International Journal of Biometeorology

, Volume 51, Issue 1, pp 1–16 | Cite as

Phenological models for blooming of apple in a mountainous region

Original Article

Abstract

Six phenological series were available for ‘Golden Delicious’ apple blooming at six sites in Trentino, an alpine fruit-growing region. Several models were tested to predict flowering dates, all involving a “chilling and forcing” approach. In many cases, application of the models to different climatic conditions results in low accuracy of prediction of flowering date. The aim of this work is to develop a model with more general validity, starting from the six available series, and to test it against five other phenological series outside the original area of model development. A modified version of the “Utah” model was the approach that performed best.
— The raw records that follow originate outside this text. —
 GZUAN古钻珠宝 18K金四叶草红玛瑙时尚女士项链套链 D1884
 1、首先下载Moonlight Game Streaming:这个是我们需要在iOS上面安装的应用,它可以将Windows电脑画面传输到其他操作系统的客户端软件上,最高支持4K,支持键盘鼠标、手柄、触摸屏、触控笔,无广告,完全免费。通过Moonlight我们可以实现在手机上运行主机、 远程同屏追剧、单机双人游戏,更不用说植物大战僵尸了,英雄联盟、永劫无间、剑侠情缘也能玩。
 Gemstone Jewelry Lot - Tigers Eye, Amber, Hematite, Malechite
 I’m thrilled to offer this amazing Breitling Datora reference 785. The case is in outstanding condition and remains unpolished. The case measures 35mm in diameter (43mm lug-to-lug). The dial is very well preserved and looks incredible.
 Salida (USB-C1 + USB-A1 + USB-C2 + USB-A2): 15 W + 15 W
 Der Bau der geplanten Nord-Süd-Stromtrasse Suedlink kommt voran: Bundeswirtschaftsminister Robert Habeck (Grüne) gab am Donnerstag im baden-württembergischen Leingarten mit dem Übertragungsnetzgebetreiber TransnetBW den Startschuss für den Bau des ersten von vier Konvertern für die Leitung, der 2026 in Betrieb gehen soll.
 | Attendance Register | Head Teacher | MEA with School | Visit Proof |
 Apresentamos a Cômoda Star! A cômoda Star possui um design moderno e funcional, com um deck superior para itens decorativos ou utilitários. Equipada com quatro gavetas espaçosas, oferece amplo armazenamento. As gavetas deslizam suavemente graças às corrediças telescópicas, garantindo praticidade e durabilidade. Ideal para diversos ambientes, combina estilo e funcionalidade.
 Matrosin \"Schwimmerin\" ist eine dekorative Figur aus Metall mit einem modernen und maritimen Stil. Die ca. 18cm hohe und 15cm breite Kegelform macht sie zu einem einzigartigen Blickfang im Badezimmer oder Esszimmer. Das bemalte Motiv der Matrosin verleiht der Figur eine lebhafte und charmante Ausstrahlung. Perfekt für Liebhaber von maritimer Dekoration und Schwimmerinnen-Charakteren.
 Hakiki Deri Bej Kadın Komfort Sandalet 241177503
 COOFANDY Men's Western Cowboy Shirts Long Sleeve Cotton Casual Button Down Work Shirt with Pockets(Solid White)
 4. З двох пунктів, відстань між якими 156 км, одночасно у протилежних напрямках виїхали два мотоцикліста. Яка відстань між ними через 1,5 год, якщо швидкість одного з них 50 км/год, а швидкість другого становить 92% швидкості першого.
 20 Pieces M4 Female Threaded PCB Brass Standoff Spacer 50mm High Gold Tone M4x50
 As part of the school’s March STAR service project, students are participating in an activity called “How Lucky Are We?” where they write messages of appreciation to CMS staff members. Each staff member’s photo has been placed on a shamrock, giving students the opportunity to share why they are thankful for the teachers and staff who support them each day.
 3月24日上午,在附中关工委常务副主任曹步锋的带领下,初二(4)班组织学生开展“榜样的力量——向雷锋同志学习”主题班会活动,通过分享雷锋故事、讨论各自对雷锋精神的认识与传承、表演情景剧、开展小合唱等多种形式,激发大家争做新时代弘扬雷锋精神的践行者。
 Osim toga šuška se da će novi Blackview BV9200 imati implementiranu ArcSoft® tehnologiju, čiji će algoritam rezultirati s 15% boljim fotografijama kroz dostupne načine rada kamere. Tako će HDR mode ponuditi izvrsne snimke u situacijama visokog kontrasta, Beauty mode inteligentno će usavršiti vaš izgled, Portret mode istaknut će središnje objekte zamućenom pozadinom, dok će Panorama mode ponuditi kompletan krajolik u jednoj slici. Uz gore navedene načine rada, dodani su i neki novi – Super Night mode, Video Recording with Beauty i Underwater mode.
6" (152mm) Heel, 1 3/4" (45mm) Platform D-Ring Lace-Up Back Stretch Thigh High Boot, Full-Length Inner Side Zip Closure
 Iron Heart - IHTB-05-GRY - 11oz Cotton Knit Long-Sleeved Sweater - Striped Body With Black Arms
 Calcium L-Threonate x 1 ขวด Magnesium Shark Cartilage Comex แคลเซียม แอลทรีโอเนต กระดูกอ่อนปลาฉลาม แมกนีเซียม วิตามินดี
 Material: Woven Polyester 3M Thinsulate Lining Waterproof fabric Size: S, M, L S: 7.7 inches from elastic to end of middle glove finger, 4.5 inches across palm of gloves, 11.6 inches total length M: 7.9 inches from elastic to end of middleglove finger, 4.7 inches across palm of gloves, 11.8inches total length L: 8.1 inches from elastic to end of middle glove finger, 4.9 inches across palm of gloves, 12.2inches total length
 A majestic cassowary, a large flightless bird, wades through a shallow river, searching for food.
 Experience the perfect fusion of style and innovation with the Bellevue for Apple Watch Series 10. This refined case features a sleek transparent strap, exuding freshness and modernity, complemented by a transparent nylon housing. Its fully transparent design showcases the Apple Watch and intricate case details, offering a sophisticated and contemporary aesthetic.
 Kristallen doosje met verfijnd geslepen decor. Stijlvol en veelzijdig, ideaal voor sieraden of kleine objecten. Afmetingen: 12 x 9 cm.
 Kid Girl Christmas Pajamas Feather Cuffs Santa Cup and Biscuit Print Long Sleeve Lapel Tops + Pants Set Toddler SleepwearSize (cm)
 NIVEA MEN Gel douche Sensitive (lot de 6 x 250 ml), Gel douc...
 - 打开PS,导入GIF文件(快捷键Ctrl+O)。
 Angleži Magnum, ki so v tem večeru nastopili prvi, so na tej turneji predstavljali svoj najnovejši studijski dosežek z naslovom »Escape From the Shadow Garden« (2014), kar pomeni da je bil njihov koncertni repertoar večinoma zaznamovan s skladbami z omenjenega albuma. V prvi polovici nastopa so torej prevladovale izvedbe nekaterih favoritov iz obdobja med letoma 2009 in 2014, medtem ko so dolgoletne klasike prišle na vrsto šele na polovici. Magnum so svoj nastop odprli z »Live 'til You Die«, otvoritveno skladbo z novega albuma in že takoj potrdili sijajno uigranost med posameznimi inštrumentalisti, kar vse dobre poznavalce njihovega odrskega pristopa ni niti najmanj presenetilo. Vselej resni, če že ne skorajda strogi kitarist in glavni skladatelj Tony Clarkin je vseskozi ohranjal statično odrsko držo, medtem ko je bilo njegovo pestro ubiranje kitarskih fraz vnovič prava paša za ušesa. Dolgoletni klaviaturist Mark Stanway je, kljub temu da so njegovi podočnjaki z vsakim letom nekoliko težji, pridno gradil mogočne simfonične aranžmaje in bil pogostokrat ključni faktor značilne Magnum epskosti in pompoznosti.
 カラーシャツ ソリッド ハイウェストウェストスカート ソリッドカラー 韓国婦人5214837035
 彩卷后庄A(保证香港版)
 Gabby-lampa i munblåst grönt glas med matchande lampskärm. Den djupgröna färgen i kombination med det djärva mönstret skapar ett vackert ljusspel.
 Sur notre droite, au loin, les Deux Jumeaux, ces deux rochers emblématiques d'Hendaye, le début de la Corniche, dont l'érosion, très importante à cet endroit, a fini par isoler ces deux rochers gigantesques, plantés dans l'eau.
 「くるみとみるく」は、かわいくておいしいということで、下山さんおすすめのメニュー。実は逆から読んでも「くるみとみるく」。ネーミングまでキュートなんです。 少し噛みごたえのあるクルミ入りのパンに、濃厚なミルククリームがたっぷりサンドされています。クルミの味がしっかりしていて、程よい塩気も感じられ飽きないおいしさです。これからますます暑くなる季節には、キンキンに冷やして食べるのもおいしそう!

In fact, an algorithm using “chill units” for rest completion and a thermal sum for growing-degree-hours (GDH), whose efficiency changes over time depending on the fraction of forcing attained, yielded a very good prediction of flowering. Results were good even if hourly temperatures were reconstructed from daily minimum and maximum values. Errors resulting from prediction of flowering data were relatively small, and root mean square errors were in the range of 1–6 days, being <2 days for the longest phenological series. In the most general form of the model, the summation of GDH required for flowering is not a fixed value, but a function of topoclimatic variables for a particular site: slope, aspect and spring mean temperature. This approach allows extension of application of the model to sites with different climatic features outside the test area.

Keywords

Apple Phenology Flowering models 

Notes

Acknowledgements

This work was funded in the framework of project “GEPRI” by the Autonomous Administration of the Province of Trento (PAT). The authors would like to thank C. Dalsant and T. Pantezzi (IASMA), Ufficio Previsioni e Organizzazione (PAT), O. Facini and M. Nardino (CNR - IBIMET, Bologna) and F. Spanna (Regione Piemonte) for the collection and delivery of phenological and meteorological data.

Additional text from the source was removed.